American Mary is layered with humor, some unintentional and some very planned. The Soskas make cameos playing twin sisters that want a particularly complex surgery (with terrible fake German accents), and Isabelle utters a couple of truly funny lines as Mary. After the first half of the movie, Mary's line delivery (d)evolves into Rose McGowan-like, fast sarcastic statements that give American Mary a snarky flavor. Like Ginger in Ginger Snaps, Isabelle's Mary is an innocent girl who becomes a monster because she can’t control her own sexuality. It's not too different as far as performances go, though Mary is more mature and less relatable than Ginger.
Actress Tristan Risk plays Beatress Johnson, a stripper obsessed with looking like Betty Boop to the point that she affects a Betty Boop voice all the time and has disastrous plastic surgery that makes her face look like it is made out of Play-Doh.

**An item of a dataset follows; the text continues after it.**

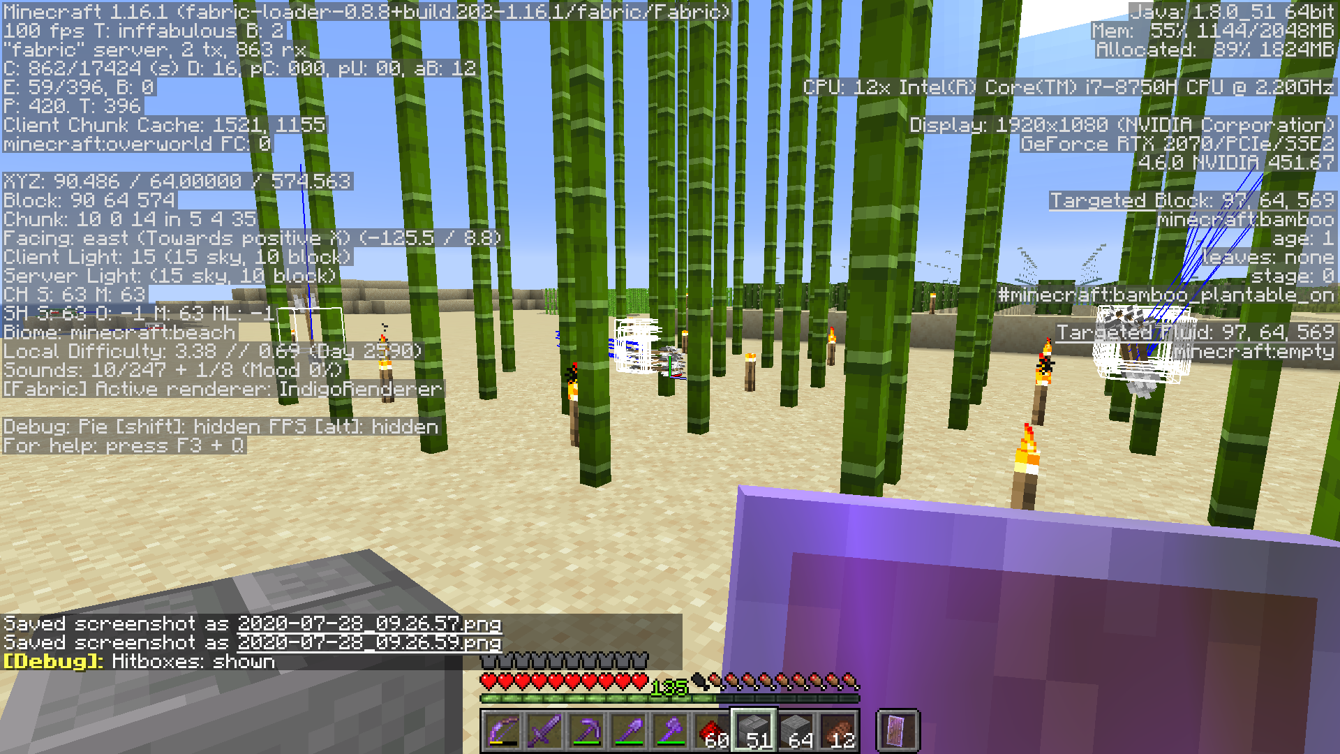 Please provide a screenshot of this occurring with the F3 debug screen enabled.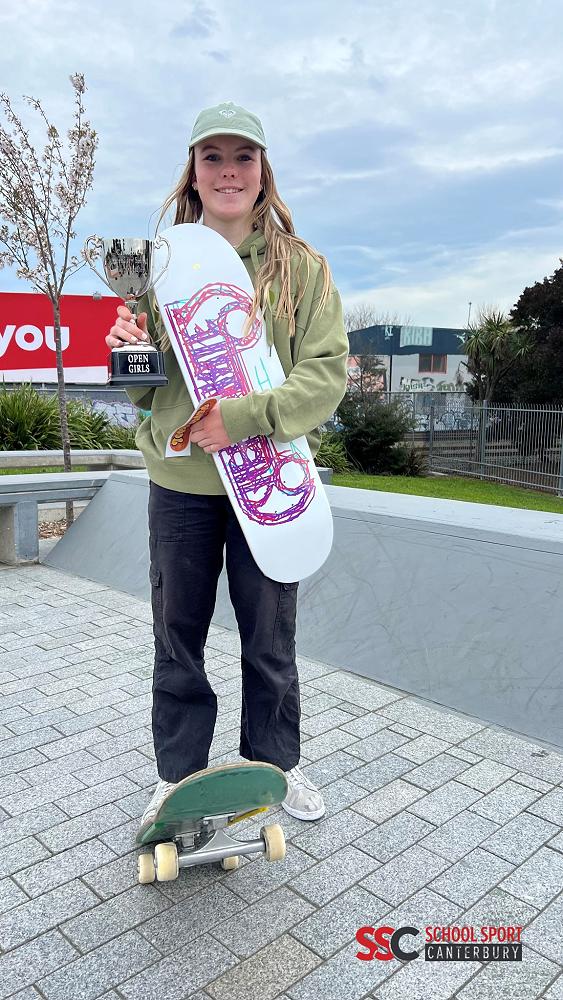 Our student Phoebe Chatterton was the Open Girls' grade winner at the recent Cheapskates Skate Skool Canterbury Secondary Schools Skate Championship. You can read all about Phoebe in the School Sport Canterbury article.

Instead of being creepy, the questionable makeup and the irritating voice and mannerisms are just silly. Why would Beatress act like Betty Boop all the time, instead of just when she's at the strip club and trying to use her unique looks to get customers? Why hasn't anyone else in the neighborhood noticed the freakish woman with the bad Betty Boop wig walking around? Why hasn't she been made fun of on all the mainstream gossip blogs? And further, where does her disturbing fixation with looking like a kid’s cartoon character some from? Is she mentally ill? American Mary couldn’t begin to answer these questions, nor does it want to. By avoiding the obvious problems and interesting nature of a character like Beatress, American Mary declines to get really involved in the body modification movement except in an "Oh look, gnarly!" surface-area way. Billy’s seemingly real love for Mary is never allowed to grow, either. The Soskas have referred to American Mary as an allegory for their experiences in the film industry; is that why everyone in the film is a shallow, disconnected sociopath pathologically obsessed with their own looks, exploiting people for profit, or both?